• [What is required]: Reproduce each record exactly, but exclude every picture.

• [Material for this exercise]:
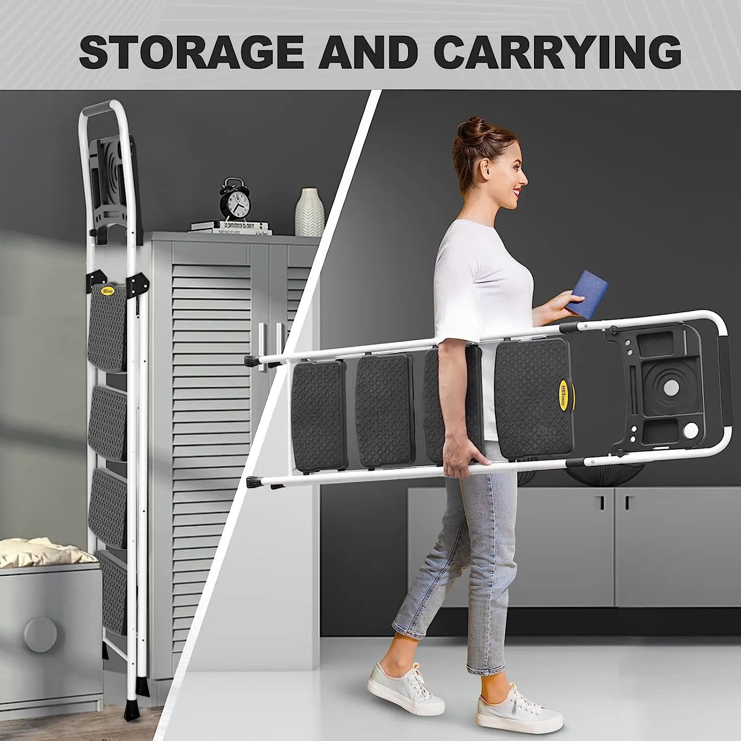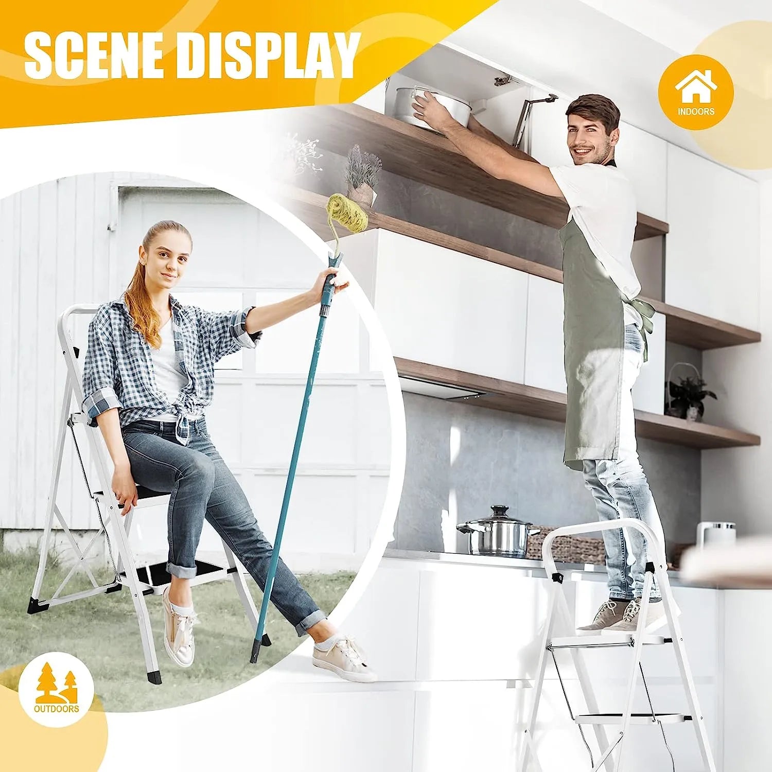- PORTABLE AND SPACE-SAVING: This Folding Step Stools Comes fully assembled!Lock and open system for easily open and fold. It folded to just 1.6" D for storage and transportation. Easy to carry for using indoor or outdoor.
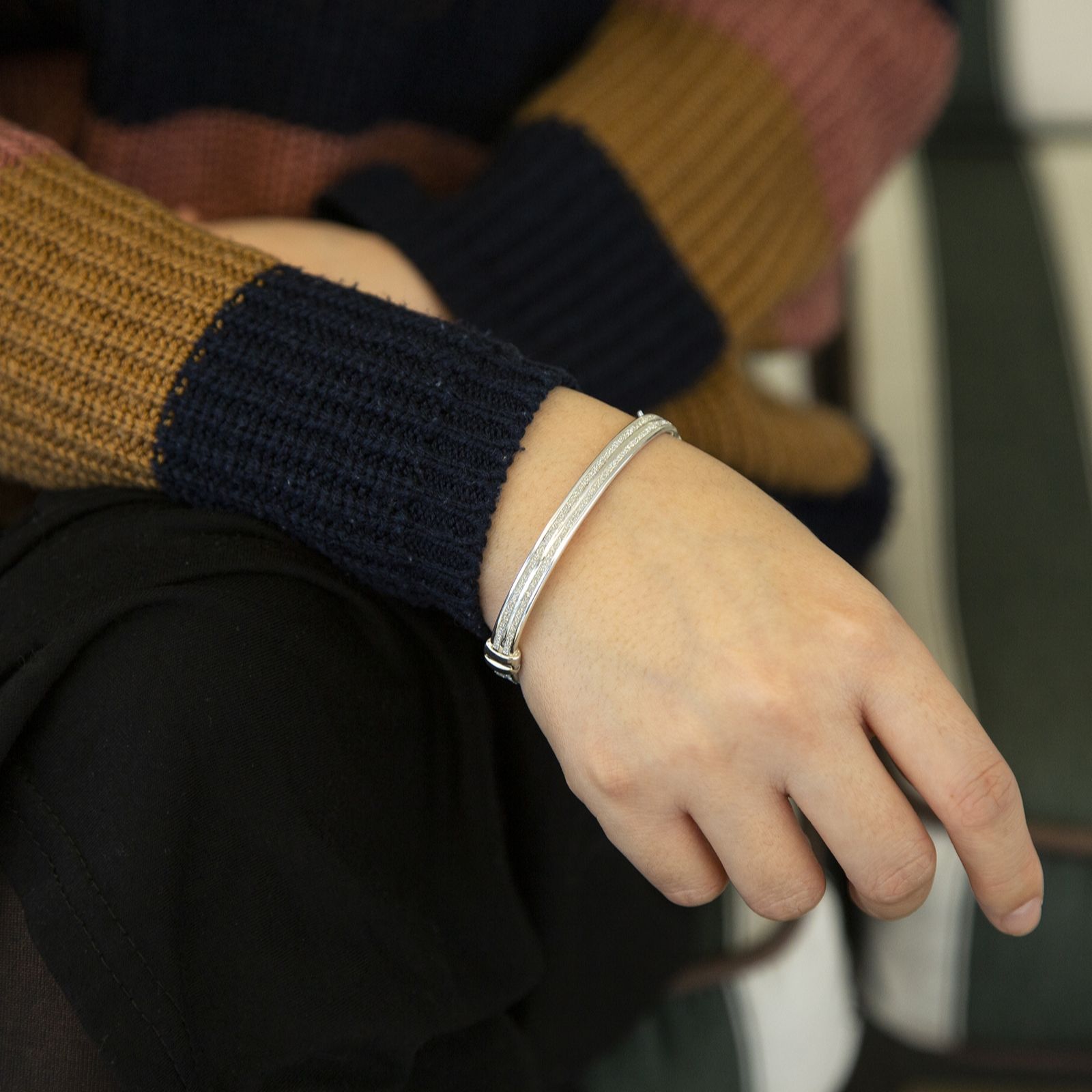 Faith & Brown Stardust Double Strip Hinged Bangle Sterling Silver
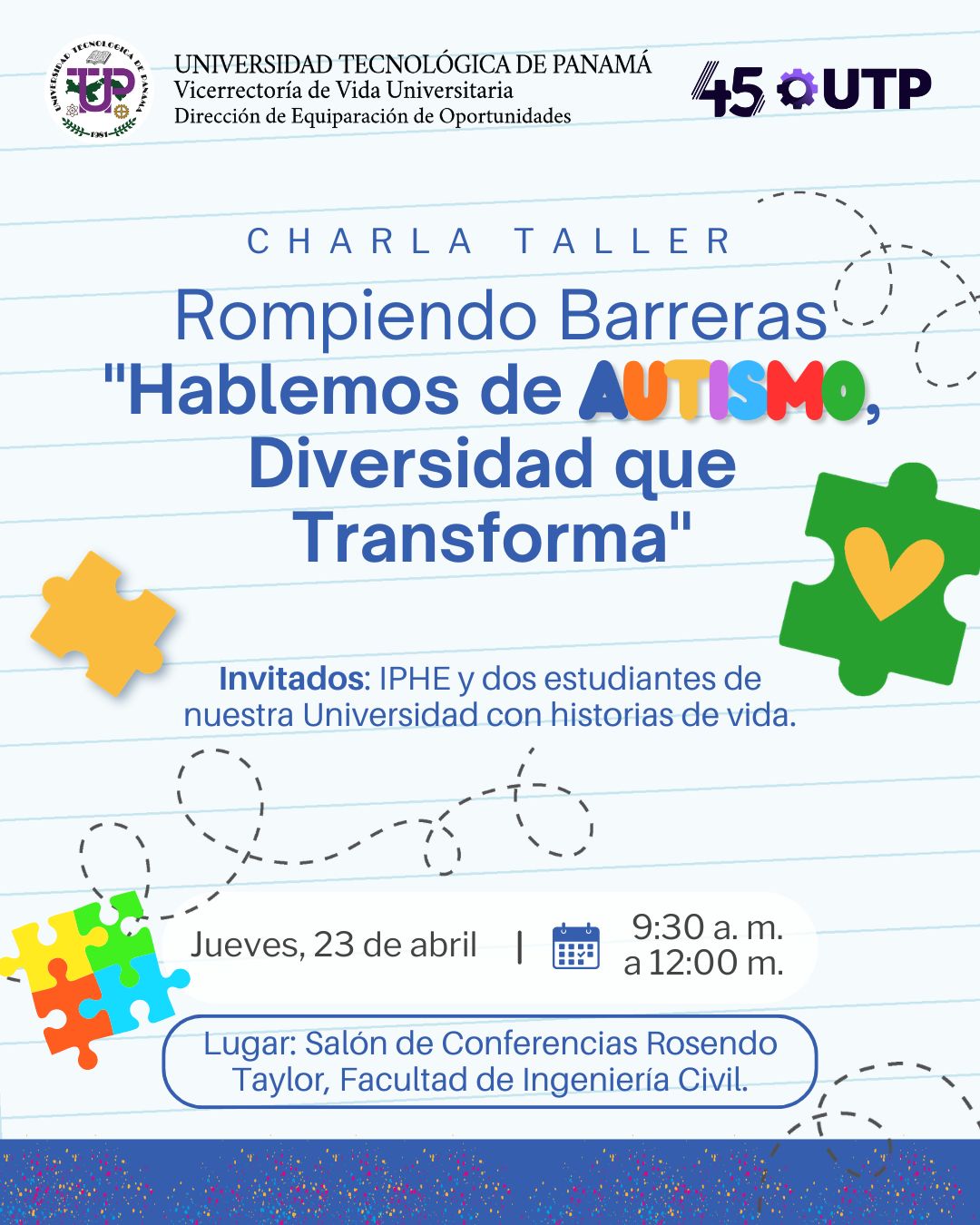 Se realizará Charla-Taller Rompiendo Barreras Hablemos de Autismo, Diversidad que Transforma.
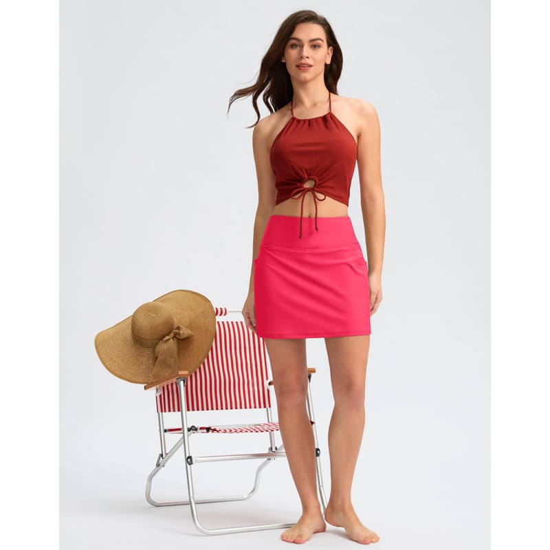 G Gradual Women's 16" Swim Skirt with Pockets High Waisted Tummy Control Modest Swimsuit Bathing Suit Bottoms for Women(Watermelon,XXXL)
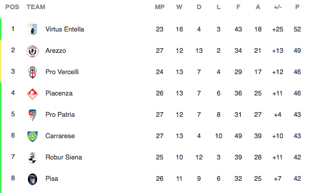 Dopo aver conquistato la vetta del Girone A di Serie C a fronte dell’esclusione della Pro Piacenza, la Virtus Entella tornava in campo al Comunale di Chiavari alla ricerca di una vittoria per consolidare il primato e mettersi a debita distanza dalle dirette concorrenti. Per farlo c’è da superare l’ostacolo Piacenza, lontano pochi punti e reduce da sette risultati utili consecutivi, forse con qualche pareggio di troppo per poter ambire al primo posto.
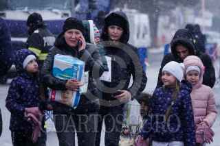 SIRET, RUMANIA, 02MARZO2022.- Miles de refugiados de Ucrania continúan arribando a la ciudad fronteriza de Siret para resguardarse tras el estallido de la invasión Rusa a territorio Ucraniano. Diversas organizaciones de ayuda humanitaria apoyan a los recién llegados con comida, ropa y utensilios de primera mano tras tener que abandonar sus bienes. Las naciones colindantes con Ucrania han recibido a más de medio millón de desplazados por la guerra, siendo Rumania de los primeros cinco con hasta el momento 34,000 mujeres y niños en su mayoría recibidas. FOTO: GALO CAÑAS/CUARTOSCURO.COM
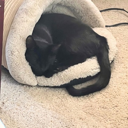 Jelly is a sleek, inquisitive boy with a playful streak that lights up any room. Like a curious shadow, he follows you quietly at first, sizing things up with cautious charm. Give him a moment-he warms slowly, but once he does, you'll find him sprawling nearby, content in your orbit. Pets are a privilege he grants only to the patient, though a tasty treat speeds the process (he's shamelessly food-motivated). A sunny window ledge and a cozy nook for naps are his non-negotiables. Earn Jelly's trust, and his gentle loyalty will melt your heart.
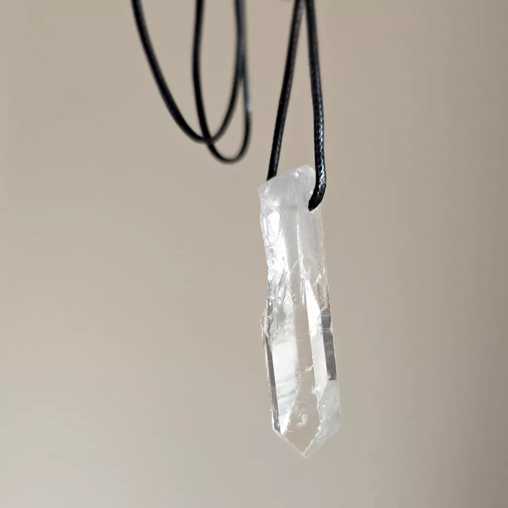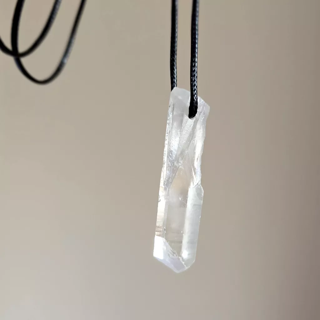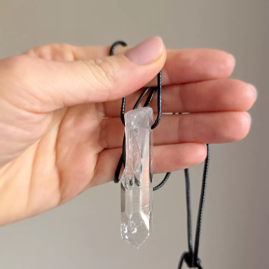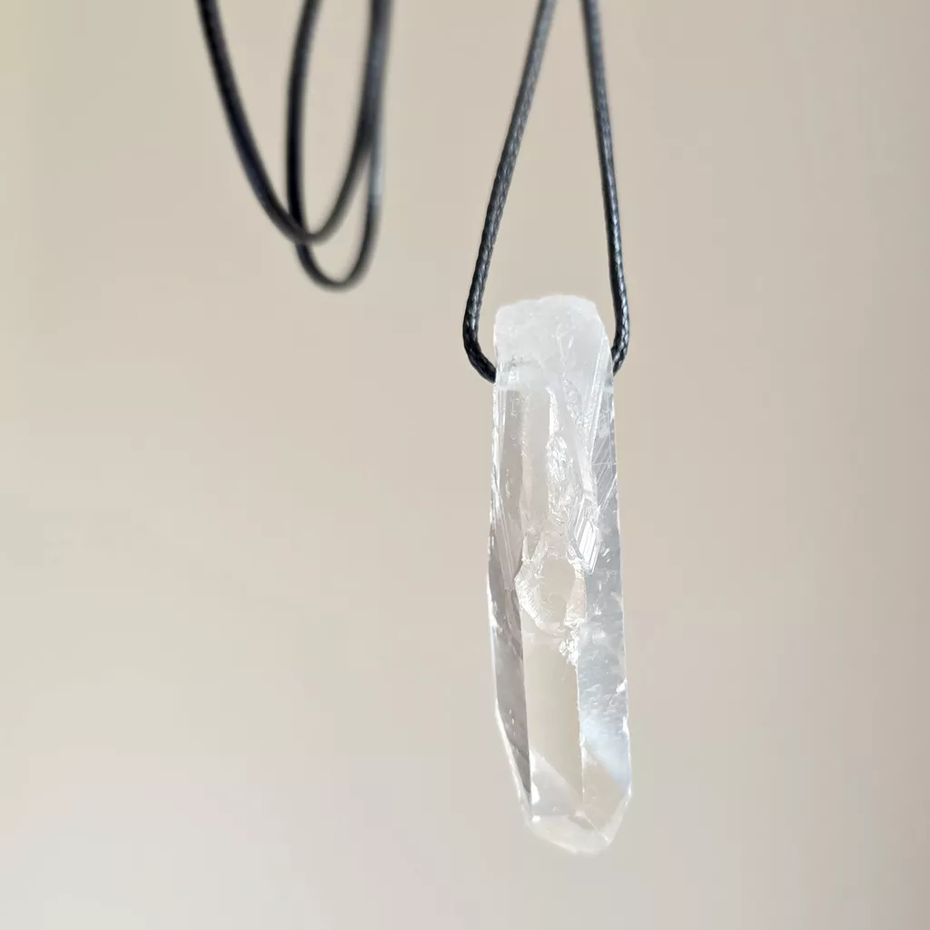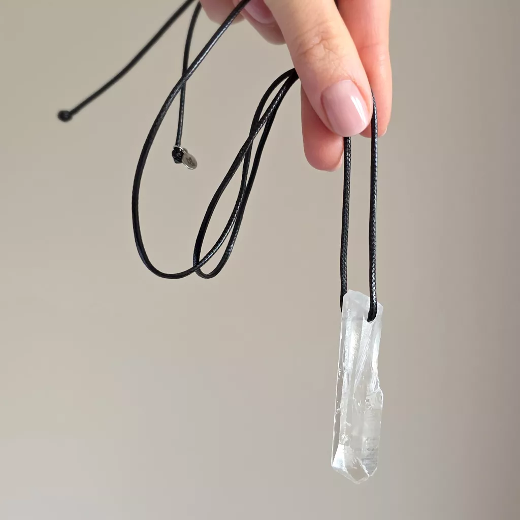 Naszyjnik kryształ górski surowy sopel na czarnym sznurku unikat v.5
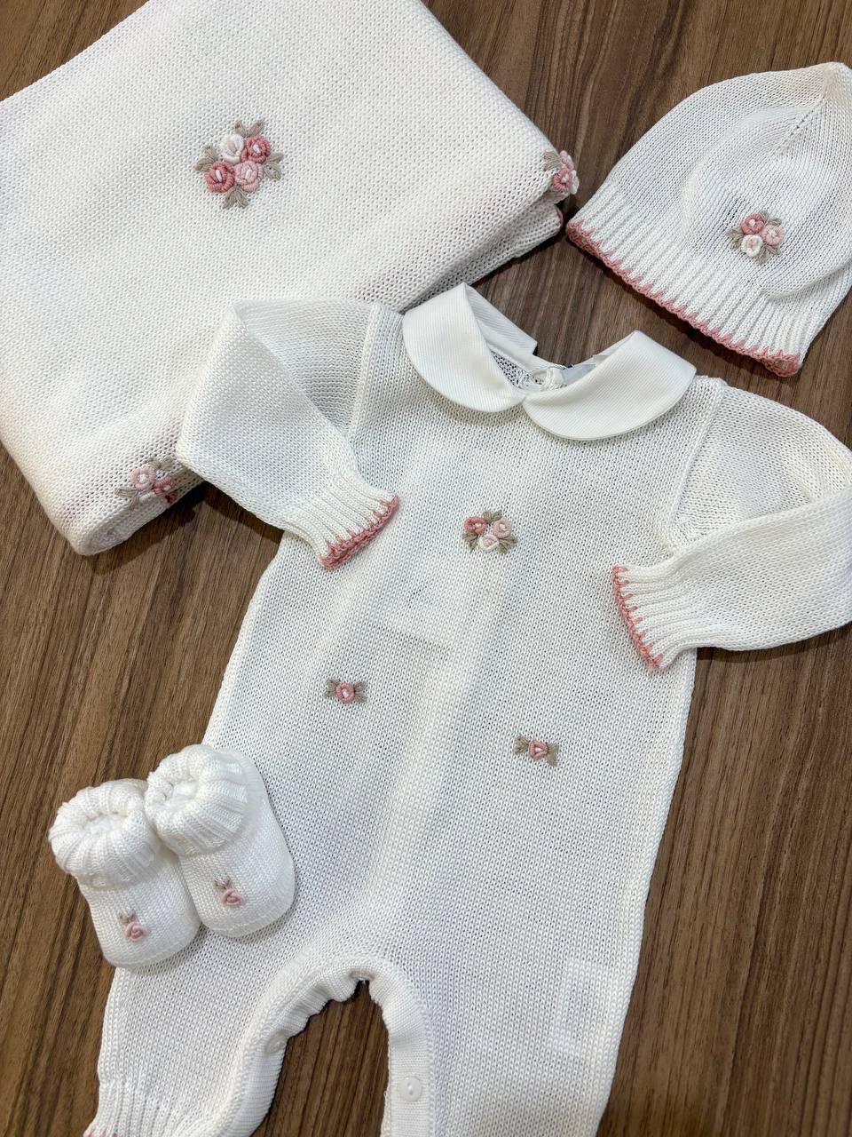 Il coordinato nascita ROSELLINE LATTE E ROSA AURORA è progettato per offrire comfort e stile alla neonata. Comprende una copertina, una tutina, un cappellino e scarpine, tutti realizzati con materiali delicati e sicuri. Questo set è ideale per mantenere la temperatura corporea e garantire il benessere della pelle sensibile dei neonati.
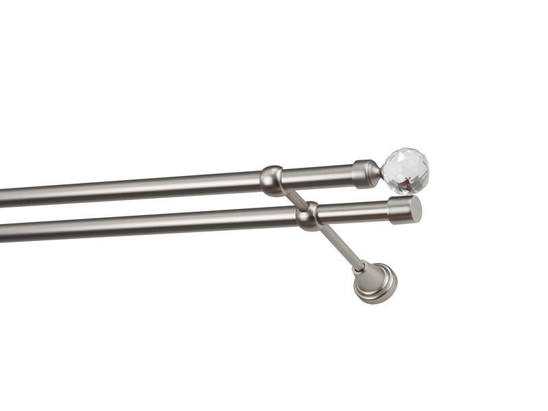 Dvouřadá garnýž s povrchovou úpravou - odstín satin (matné stříbro). Celokovová garnýž s kvalitní povrchovou úpravou - galvanické pokovování. Galvanické pokovování zabezpečuje vyšší povrchovou tvrdost, zvýšenú dolnost vůči poškrábání, hladký povrch. Dodávané jsou v kompletech.
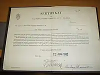 Le Brevet d'Officier de première classe était nécessaire pour assurer les fonctions de Chef Radio sur les Paquebots et les Ferries.
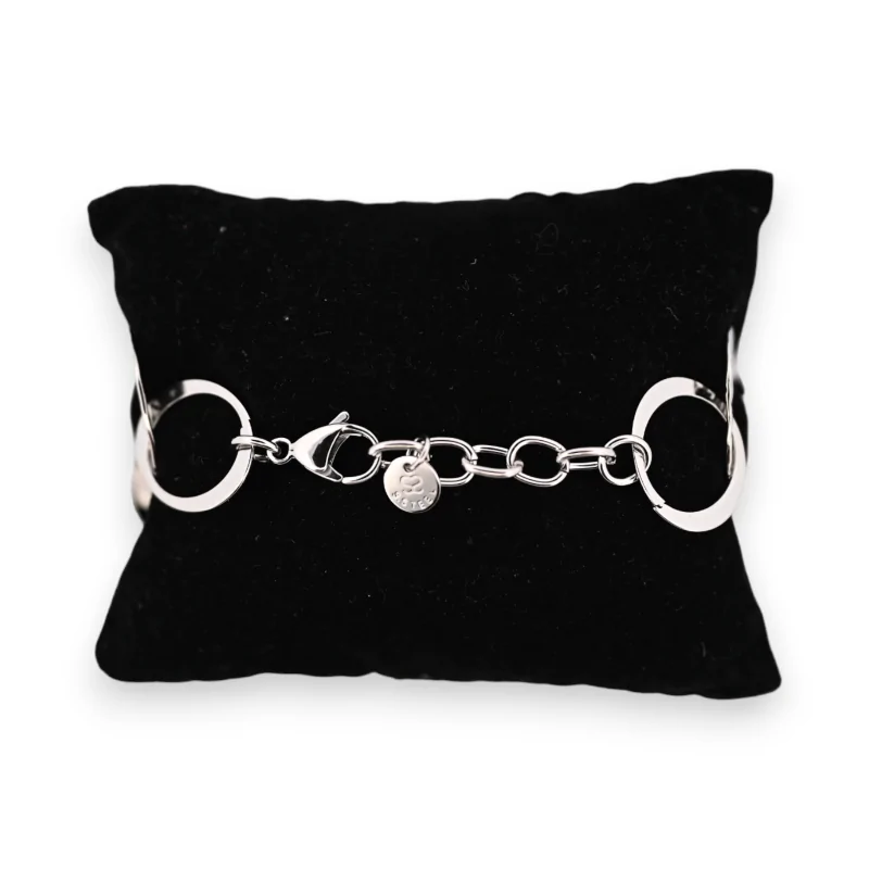 Alliant le luxe du doré à la subtilité du gris, ce bracelet est une ode à la sophistication. Son design est ponctué de charms délicatement disposés, mais l'attraction principale est l'Arbre de Vie en strass. Symbole d'interconnexion et de pérennité, cet élément scintille avec grâce, ajoutant une touche d'éclat et de profondeur à ce bijou. Outre son esthétique raffinée, sa conception ingénieuse permet une facilité d'utilisation exemplaire : en écartant délicatement ses deux extrémités, il enveloppe votre poignet, alliant élégance et fonctionnalité.

• [Solution for this task]:
- PORTABLE AND SPACE-SAVING: This Folding Step Stools Comes fully assembled!Lock and open system for easily open and fold. It folded to just 1.6" D for storage and transportation. Easy to carry for using indoor or outdoor.
 Faith & Brown Stardust Double Strip Hinged Bangle Sterling Silver
 Se realizará Charla-Taller Rompiendo Barreras Hablemos de Autismo, Diversidad que Transforma.
 G Gradual Women's 16" Swim Skirt with Pockets High Waisted Tummy Control Modest Swimsuit Bathing Suit Bottoms for Women(Watermelon,XXXL)
 Dopo aver conquistato la vetta del Girone A di Serie C a fronte dell’esclusione della Pro Piacenza, la Virtus Entella tornava in campo al Comunale di Chiavari alla ricerca di una vittoria per consolidare il primato e mettersi a debita distanza dalle dirette concorrenti. Per farlo c’è da superare l’ostacolo Piacenza, lontano pochi punti e reduce da sette risultati utili consecutivi, forse con qualche pareggio di troppo per poter ambire al primo posto.
 SIRET, RUMANIA, 02MARZO2022.- Miles de refugiados de Ucrania continúan arribando a la ciudad fronteriza de Siret para resguardarse tras el estallido de la invasión Rusa a territorio Ucraniano. Diversas organizaciones de ayuda humanitaria apoyan a los recién llegados con comida, ropa y utensilios de primera mano tras tener que abandonar sus bienes. Las naciones colindantes con Ucrania han recibido a más de medio millón de desplazados por la guerra, siendo Rumania de los primeros cinco con hasta el momento 34,000 mujeres y niños en su mayoría recibidas. FOTO: GALO CAÑAS/CUARTOSCURO.COM
 Jelly is a sleek, inquisitive boy with a playful streak that lights up any room. Like a curious shadow, he follows you quietly at first, sizing things up with cautious charm. Give him a moment-he warms slowly, but once he does, you'll find him sprawling nearby, content in your orbit. Pets are a privilege he grants only to the patient, though a tasty treat speeds the process (he's shamelessly food-motivated). A sunny window ledge and a cozy nook for naps are his non-negotiables. Earn Jelly's trust, and his gentle loyalty will melt your heart.
 Naszyjnik kryształ górski surowy sopel na czarnym sznurku unikat v.5
 Il coordinato nascita ROSELLINE LATTE E ROSA AURORA è progettato per offrire comfort e stile alla neonata. Comprende una copertina, una tutina, un cappellino e scarpine, tutti realizzati con materiali delicati e sicuri. Questo set è ideale per mantenere la temperatura corporea e garantire il benessere della pelle sensibile dei neonati.
 Dvouřadá garnýž s povrchovou úpravou - odstín satin (matné stříbro). Celokovová garnýž s kvalitní povrchovou úpravou - galvanické pokovování. Galvanické pokovování zabezpečuje vyšší povrchovou tvrdost, zvýšenú dolnost vůči poškrábání, hladký povrch. Dodávané jsou v kompletech.
 Le Brevet d'Officier de première classe était nécessaire pour assurer les fonctions de Chef Radio sur les Paquebots et les Ferries.
 Alliant le luxe du doré à la subtilité du gris, ce bracelet est une ode à la sophistication. Son design est ponctué de charms délicatement disposés, mais l'attraction principale est l'Arbre de Vie en strass. Symbole d'interconnexion et de pérennité, cet élément scintille avec grâce, ajoutant une touche d'éclat et de profondeur à ce bijou. Outre son esthétique raffinée, sa conception ingénieuse permet une facilité d'utilisation exemplaire : en écartant délicatement ses deux extrémités, il enveloppe votre poignet, alliant élégance et fonctionnalité.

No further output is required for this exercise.